-- Provided material --
^^^^
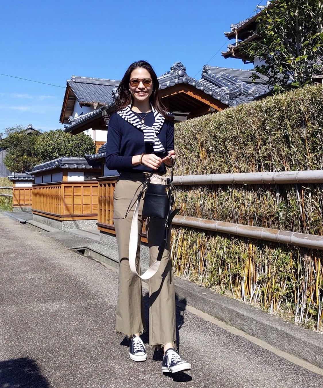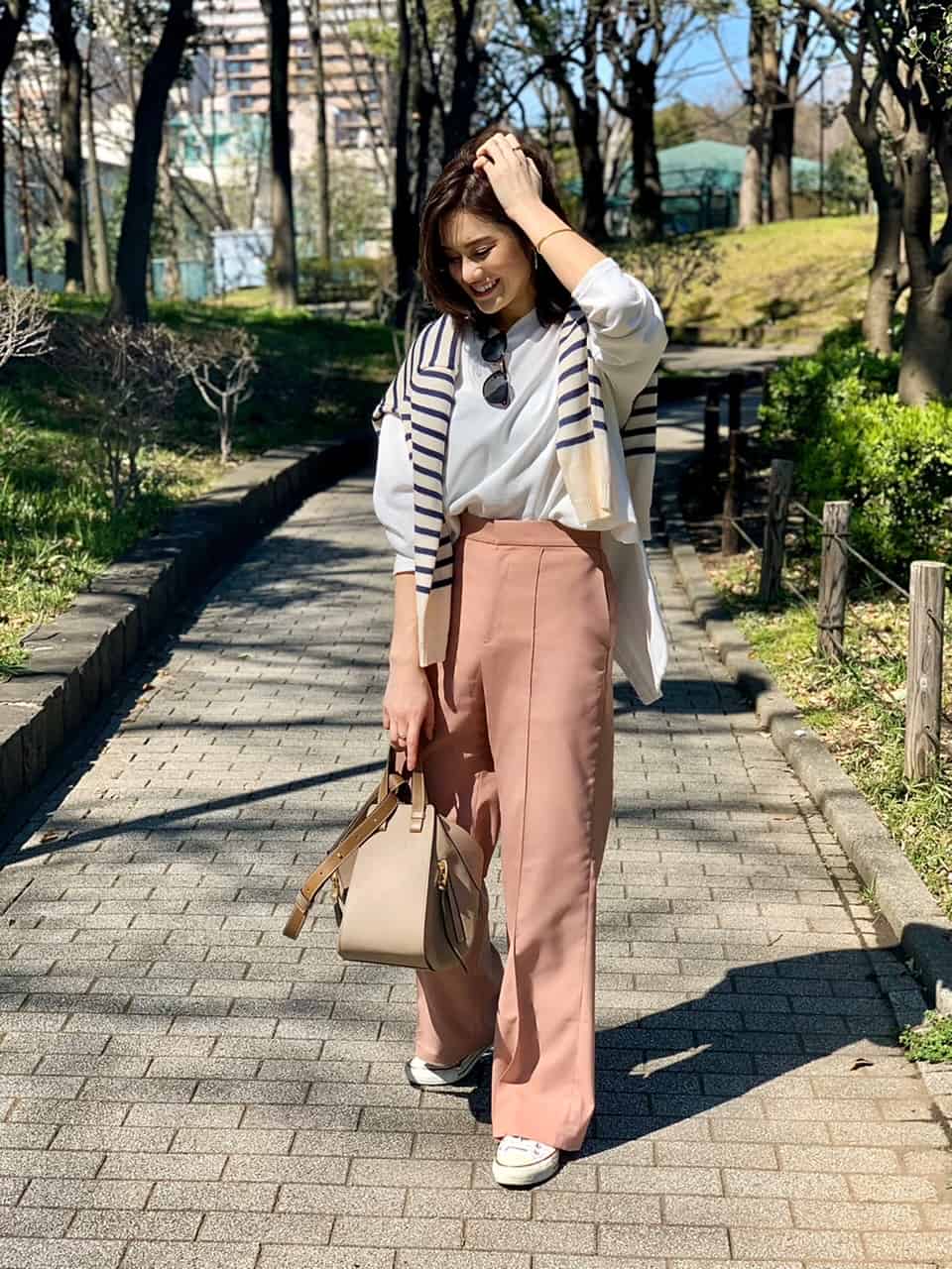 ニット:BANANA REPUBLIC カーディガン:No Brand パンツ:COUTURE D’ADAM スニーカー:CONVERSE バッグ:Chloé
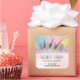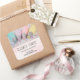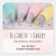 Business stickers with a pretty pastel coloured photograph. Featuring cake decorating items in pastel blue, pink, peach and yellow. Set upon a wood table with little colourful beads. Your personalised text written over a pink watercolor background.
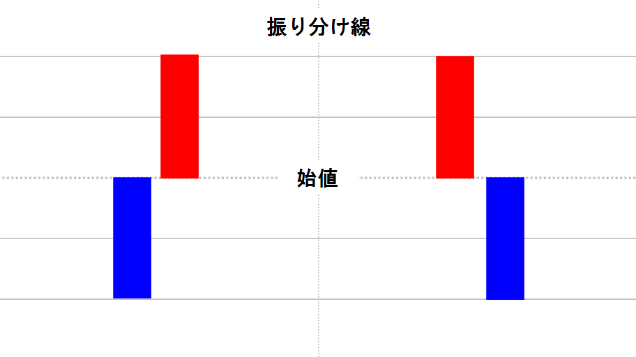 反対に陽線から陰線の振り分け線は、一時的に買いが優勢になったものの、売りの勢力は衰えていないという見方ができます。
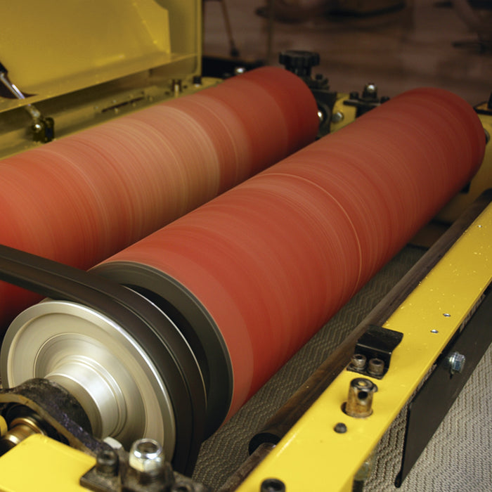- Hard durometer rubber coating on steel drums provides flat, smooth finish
^^^^
-- Task item --
Write the data above out again exactly, every line of it, and exclude the pictures.

-- Result below --
 ニット:BANANA REPUBLIC カーディガン:No Brand パンツ:COUTURE D’ADAM スニーカー:CONVERSE バッグ:Chloé
 Business stickers with a pretty pastel coloured photograph. Featuring cake decorating items in pastel blue, pink, peach and yellow. Set upon a wood table with little colourful beads. Your personalised text written over a pink watercolor background.
 反対に陽線から陰線の振り分け線は、一時的に買いが優勢になったものの、売りの勢力は衰えていないという見方ができます。
- Hard durometer rubber coating on steel drums provides flat, smooth finish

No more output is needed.